Certamente governo e empresários estão a par da mudança do clima por causa do aumento da temperatura da atmosfera, que não pode superar 2º C, mas temos atualmente 50% de chance de isso não ocorrer, visto o aumento de um grau confirmado em 2018. Então, a pergunta seria: como pretendem ou imaginam dar continuidade aos seus ramos de negócio se a sua matéria-prima original está com os anos para a exploração (ou produção) contados? (Leia Antecipar o fim do petróleo, publicado no Le Monde Diplomatique Brasil).

A resposta à pergunta feita provavelmente apontaria como solução o uso de tecnologias mais modernas como o fracking (Leia mais informações sobre o assunto aqui) ou aquelas empregadas para a extração do Pré-Sal.

A notícia de 18 de abril, p. 6, reproduzida no começo da análise, abordou a ajuda aos estados com o repasse de recursos provenientes dessa exploração nos próximos anos. Se o governo brasileiro quisesse mesmo ajudar os estados, além de manter intocado o Pré-Sal, não teria determinado um teto de gastos (por 20 anos!) nas áreas da educação, saúde e segurança. As mais lembradas durante as campanhas eleitorais.

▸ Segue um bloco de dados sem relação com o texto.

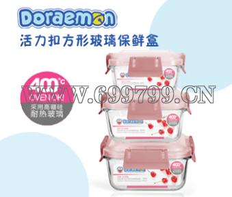 【产品名称】:尚盛哆啦A梦 活力扣方形玻璃保鲜盒(三件套)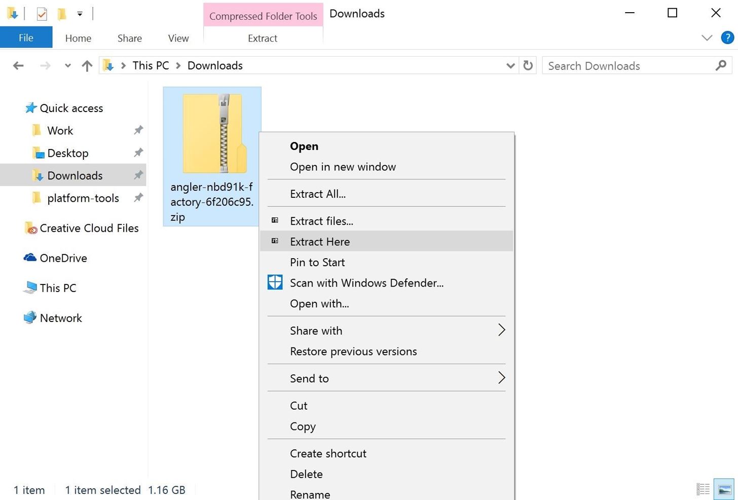 首先解压出厂镜像包中的所有压缩文件。通常压缩包里会包含三或四个层叠的文件夹,确认你已经解压了所有的压缩文件。之后把这些文件移动到 platform-tools —— 或者说,别把他们放到任何子文件夹下。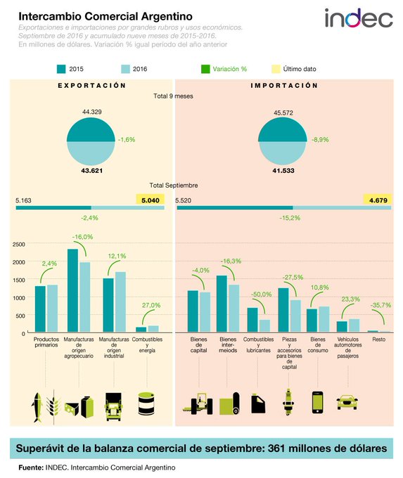 Comercio exterior: superávit de US$ 361 millones en septiembre de 2016. indec.gob.ar/uploads/inform…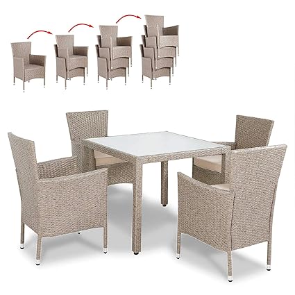Casaria Poly Rattan Sitzgruppe Beige Grau 4 Stapelbare Stuhle 1 Tisch 7cm Dicke Auflagen Sitzgarnitur Gartenmobel Set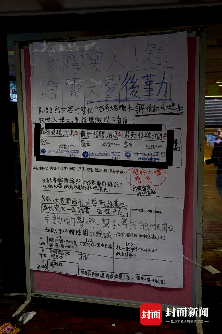 可以看到,他们中有的人似乎在尝试进行管理。许多墙壁上写着中英文的“保持清洁”。在一张自制的大地图上,标注着校内各个区域的分工,包括急救、社工、物资、饭堂、衣帽间、工具间等。他们甚至还在校园内搞过招聘和培训。一块白板上写着各种岗位需求,例如哨兵、厨房、路障、文宣、清洁,居然还有“海关”。在培训的版块,授课内容包括看地图、分物资、自卫习武、搜身等等。他们似乎还想开设政治哲学课,但明显有些犹豫,课表后面打了个“?”。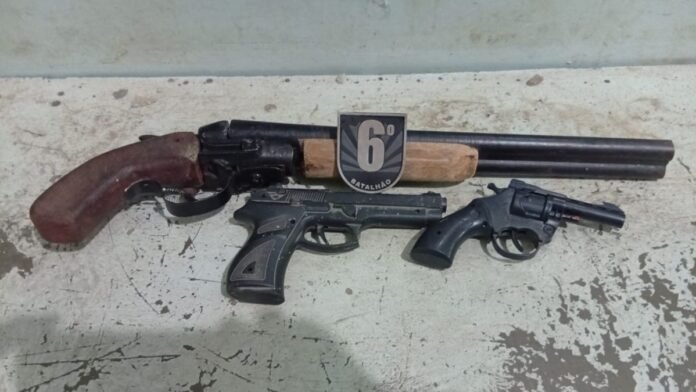 A vítima conduziu os policiais até o local onde estava guardada uma arma. No imóvel, os militares apreenderam uma arma de fabricação artesanal tipo garrucha calibre 12 e dois simulacros, sendo um em formato de pistola e outro de revólver.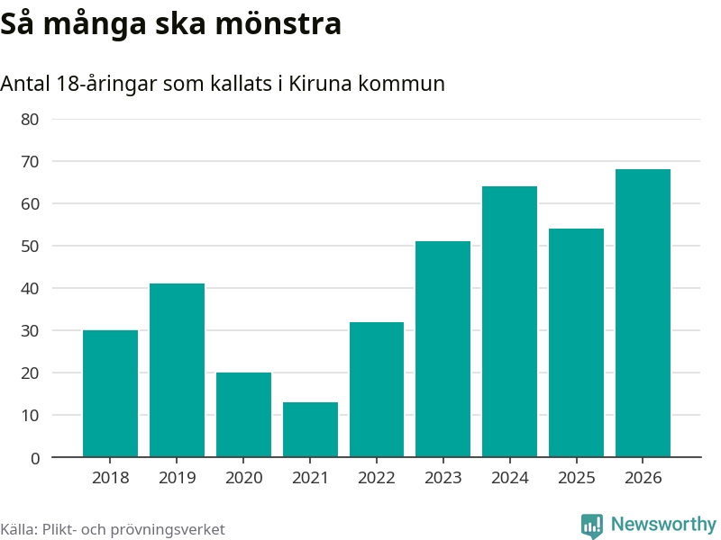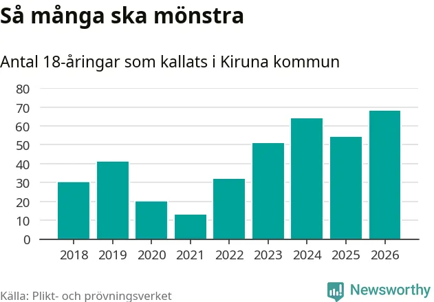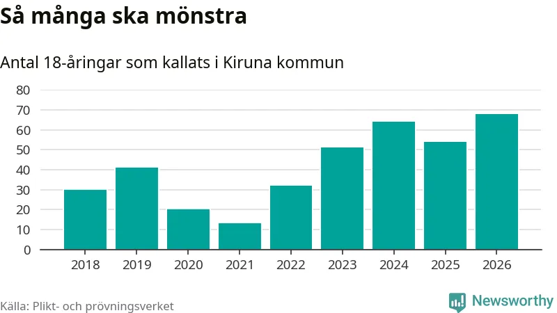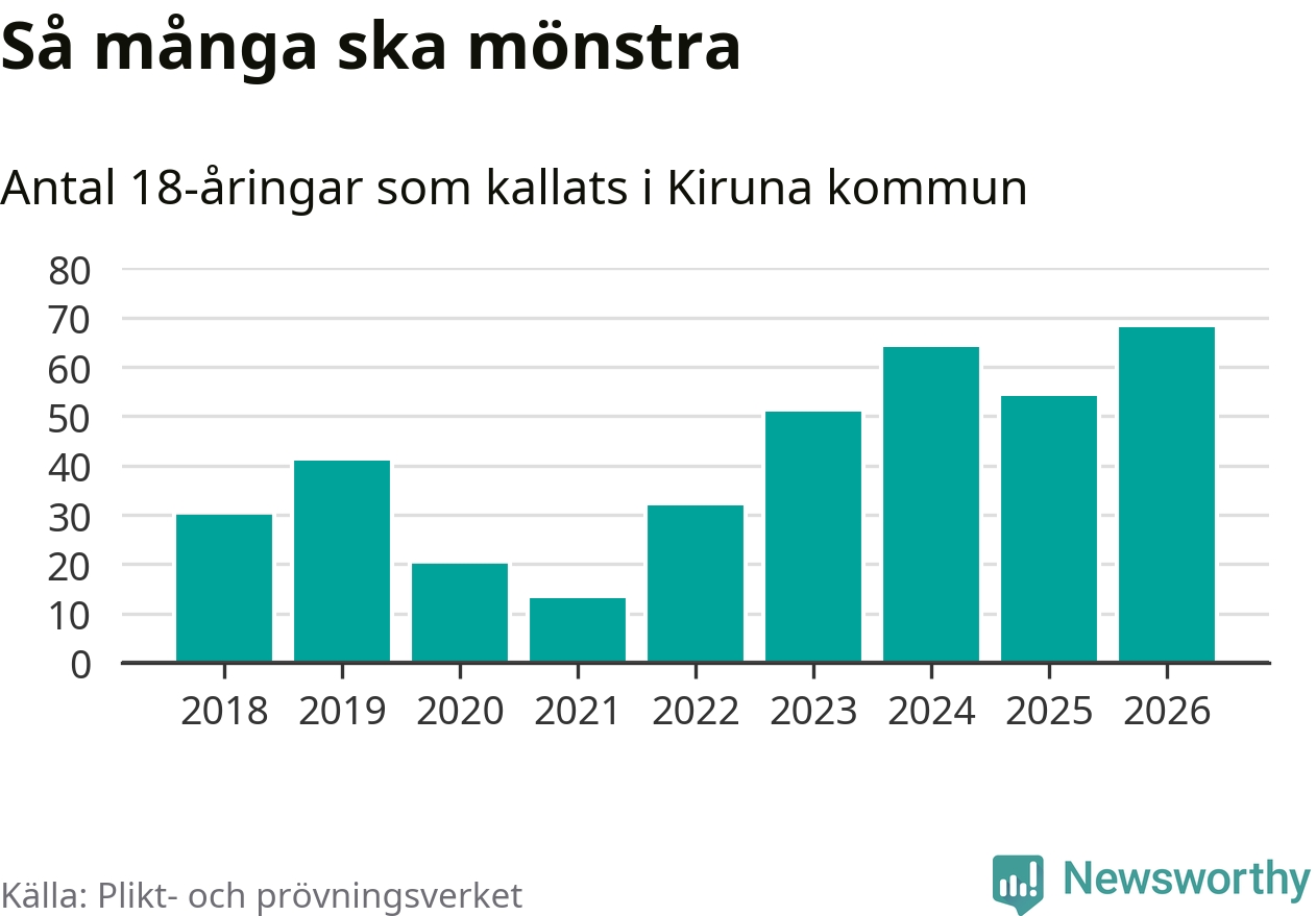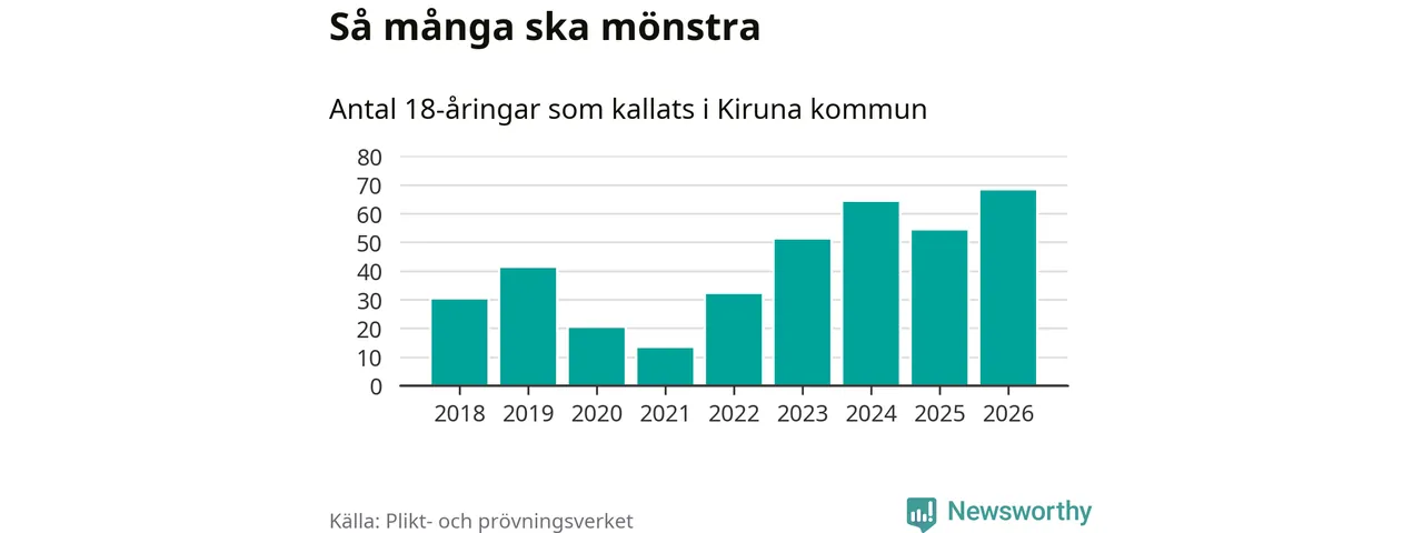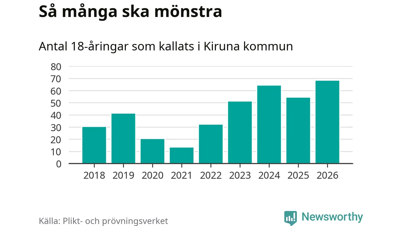 68 personer är det högsta antalet kallade i Kiruna sedan 2018, som är första året med statistik på kommunnivå (värnplikten återinfördes 2017), och 14 mönstrande fler än 2025. Totalt från Norrbottens län kallas 736 personer i år.

Sobre o teto, vale recordar a manifestação da Organização das Nações Unidas feita em 2016 (Brasil: teto de 20 anos para o gasto público violará direitos humanos, alerta relator da ONU): “É completamente inapropriado congelar somente o gasto social e atar as mãos de todos os próximos governos por outras duas décadas. Se essa emenda for adotada, colocará o Brasil em uma categoria única em matéria de retrocesso social.”

O governo não parece mesmo interessado em ajudar, já que as políticas públicas atuais convergem com este cenário de retrocesso social arquitetado há mais de dois anos. Afinal, o mês de abril não terminou sem o anúncio do “corte de 30% em verbas para todas as universidades federais” (veja notícia do Correio do Povo publicada no dia 30.04.19). Mais uma questão apenas repassada pela imprensa e carente de justificativas por parte do governo.

Os preceitos do Jornalismo determinam o interesse em ajudar a sociedade, trabalhando em busca de respostas às questões de interesse público. O que o público espera da nossa profissão é mais profundidade ao reportar os temas e menos repasse de informações oficiais. Podemos transcender às políticas que fixam os temas em editorias assim como em Ministérios e Secretarias dos governos.

* Eliege Fante é jornalista, doutoranda em Comunicação pela UFRGS, integrante do Grupo de Pesquisa Jornalismo Ambiental (CNPq/UFRGS) e bolsista Capes.